EXERCISE DIRECTIONS: Pictures are to be excluded. Please print only the lines from the one containing "随后,白陈宏羿小组分享了中国" through the end of the data, exactly as they appear.

DATASET EXCERPT:
──────

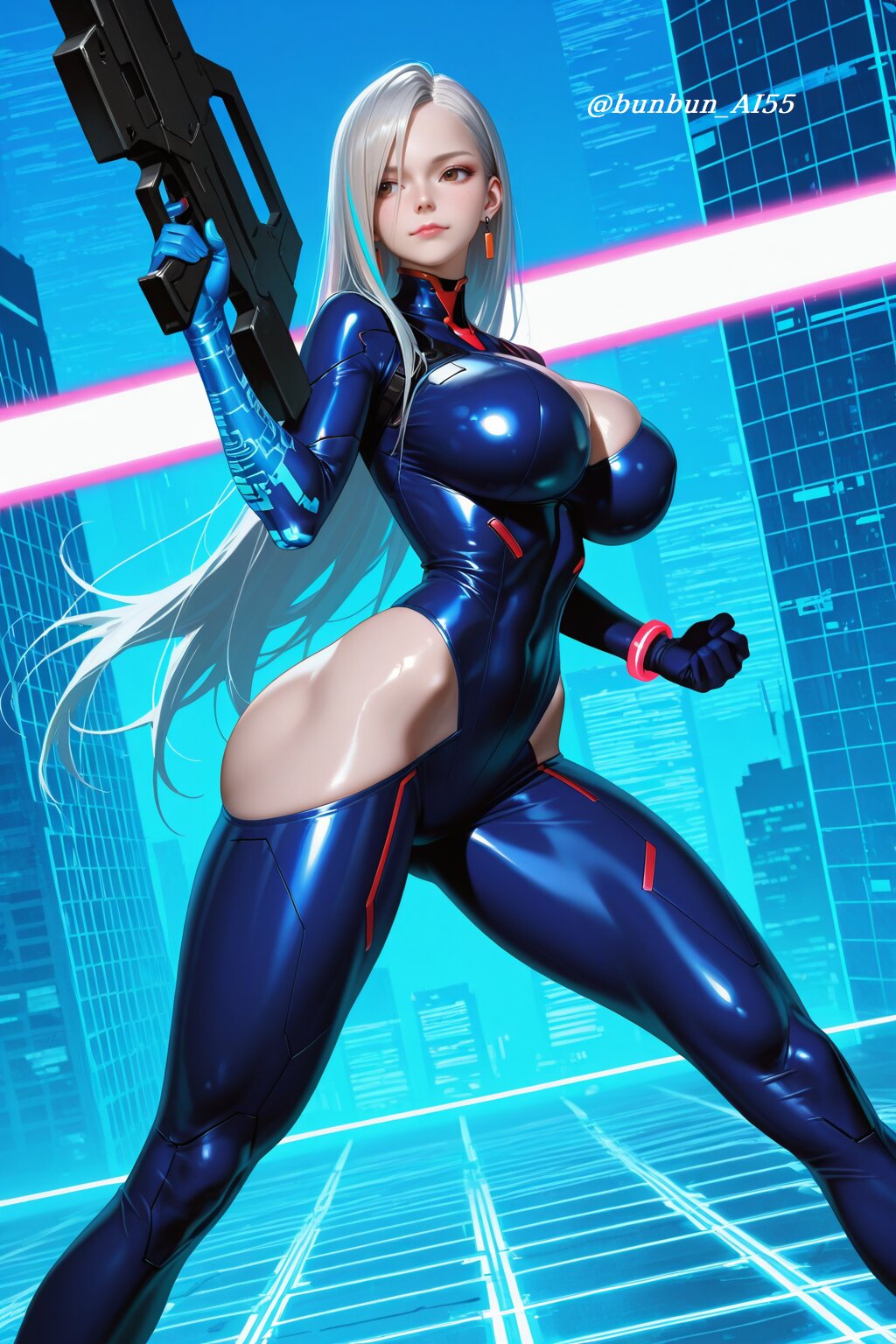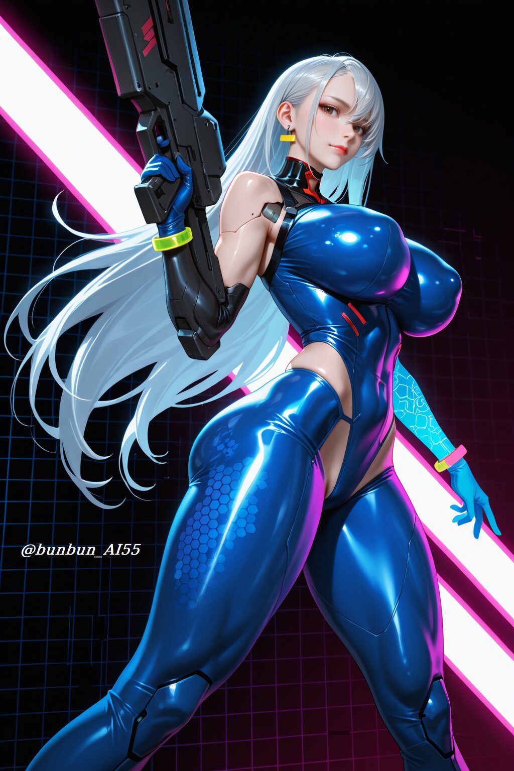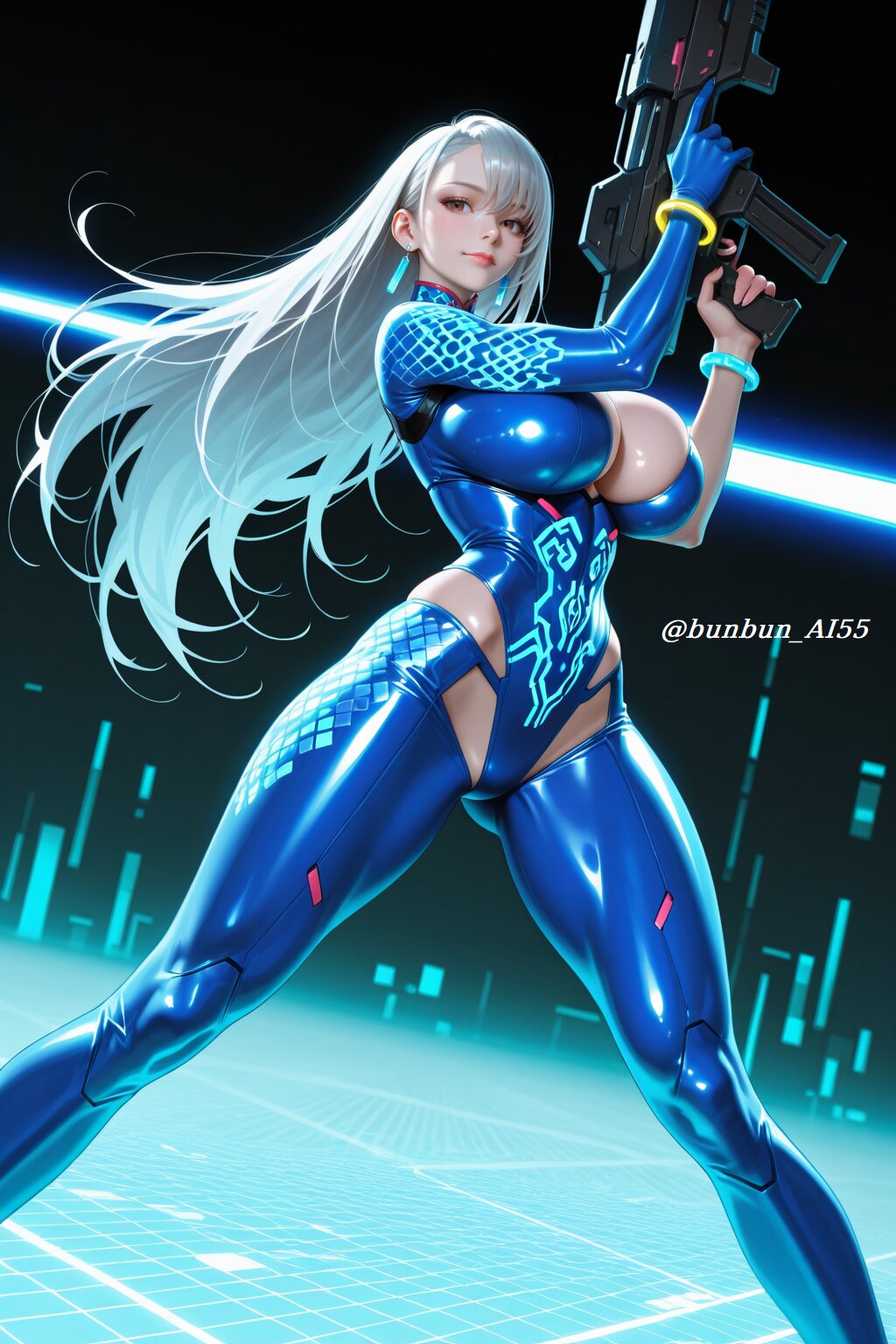 HDR, 8K,masterpiece, best quality, amazing quality, very awa, very aesthetic, absurdres, newest, detailed eyes, realistic eyes, realistic body, highres, add detail, sharp detailes, sharp lines, sharp focus, (realistic, hyperrealistic), sexy style, perfect anatomy, intricate details, high detail RAW color art, high contrast, digital painting, anime style, depth of field, (mechanical, futuristic, cyberpunk), an intricate illustration, BREAK perfect lighting, professional lighting, face lighting, (1girl, elegant beautiful woman:1.5, 21year old), (serious, sexy, model, cool beauty), (beautiful face, slim face, small face, cute face, detailed face, brown eyes, cyberpunk makeup, pink lips), (looking at viewer, alluring gaze, serious expression), BREAK nsfw, (pink very long hair with silver highlights, straight hair), (jewelry, piercing, earrings, bracelet), (huge breasts, pointy breasts), (long legs, thick thighs), (perfect hands), (shiny skin, glossy skin), (super model body:1.2, muscle body:1.2, slim body, athletic body:1.2), BREAK (wearing a sleek blue cyberpunk-style bodysuit with glowing white lines:1.5, asymmetrical arms and thighs and body cutout:1.2, asymmetrical design:1.2, intricate design:1.2), (blue latex gloves), (light reflections), (shiny, glossy, luster, latex), (tight fit), BREAK (standing, legs apart, dynamic pose, dynamic action pose, ready for battle pose, heroic pose, holding a gigantic beam rifle:1.3), (holographic geometric pattern, glitch background, digital grid), (face focus shot:1.3, medium shot:1.2, dynamic angle),
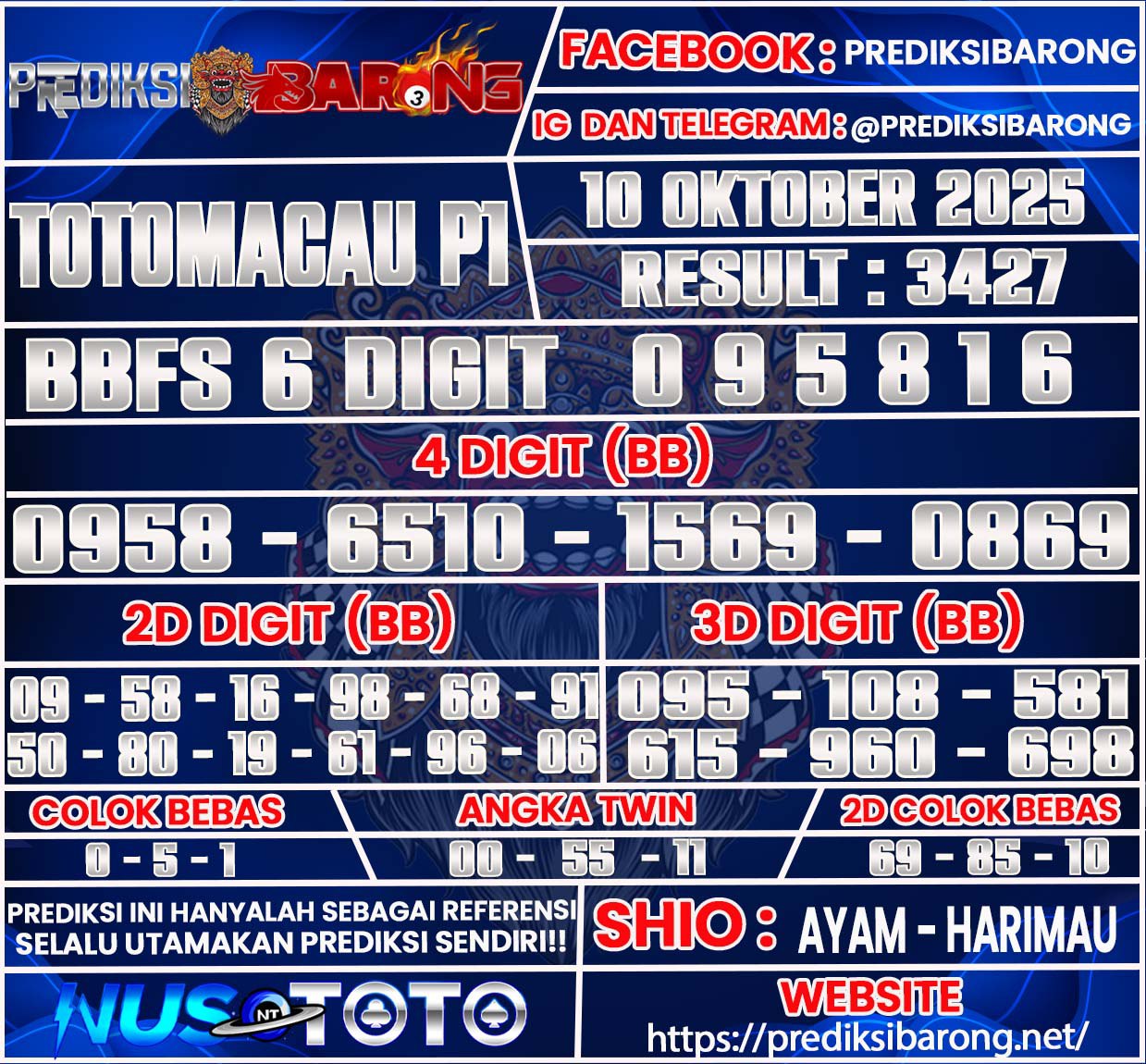 Prediksi Barong adalah layanan prediksi togel yang dirancang khusus untuk membantu para pemain togel dalam meraih keberuntungan. Pada edisi kali ini, kami menyajikan prediksi togel untuk pasar Toto Macau P1 pada hari Jumat 10 Oktober 2025. Dengan analisis mendalam dan metode yang telah teruji, kami berusaha memberikan angka-angka yang memiliki potensi tinggi untuk keluar. Prediksi ini tidak hanya berdasarkan keberuntungan semata, tetapi juga menggunakan data statistik dan pola permainan sebelumnya yang dapat memberikan wawasan lebih bagi para pemain.
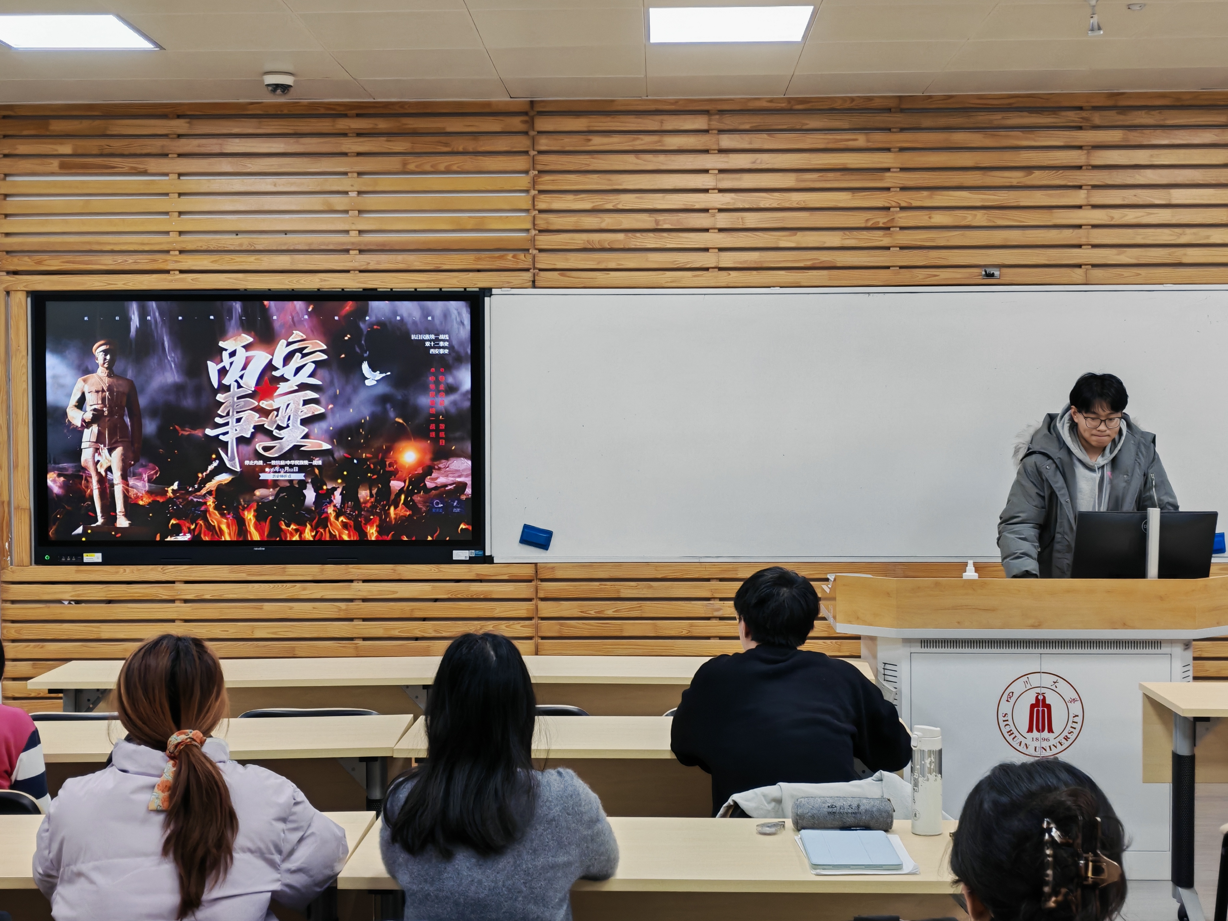 随后,白陈宏羿小组分享了中国寄生虫病防治史,展示了中国共产党的领导下新中国面对寄生虫病的科学防治策略。马梓轩小组介绍了焦裕禄在兰考带领群众治沙、治水、治碱,身患重病仍坚守一线的事迹,其精神丰碑永立人心。张博涵小组解析西安事变,回顾了张学良、杨虎城以民族大义兵谏蒋介石抗日的壮举。最后,邰诗熳小组讲述巾帼英雄秋瑾的故事,她投身革命、为妇女解放与民族独立呐喊牺牲,用革命先烈的精神激励同学
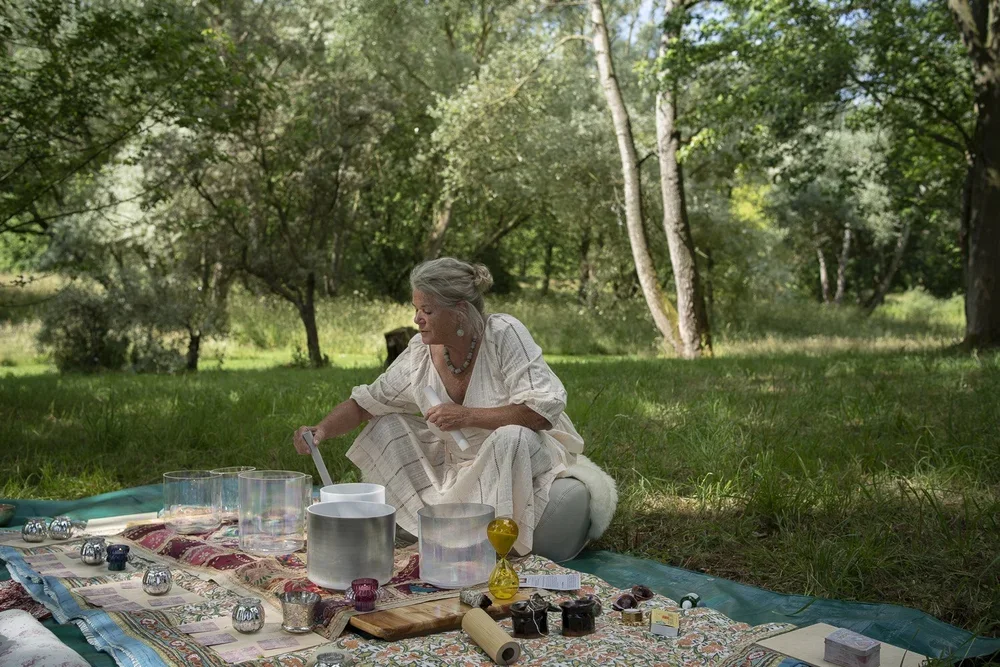 An older woman sitting cross-legged on a blanket in a forest clearing, playing crystal singing bowls amidst various small objects and an hourglass.

──────

RESPONSE TO THIS EXERCISE:
 随后,白陈宏羿小组分享了中国寄生虫病防治史,展示了中国共产党的领导下新中国面对寄生虫病的科学防治策略。马梓轩小组介绍了焦裕禄在兰考带领群众治沙、治水、治碱,身患重病仍坚守一线的事迹,其精神丰碑永立人心。张博涵小组解析西安事变,回顾了张学良、杨虎城以民族大义兵谏蒋介石抗日的壮举。最后,邰诗熳小组讲述巾帼英雄秋瑾的故事,她投身革命、为妇女解放与民族独立呐喊牺牲,用革命先烈的精神激励同学
 An older woman sitting cross-legged on a blanket in a forest clearing, playing crystal singing bowls amidst various small objects and an hourglass.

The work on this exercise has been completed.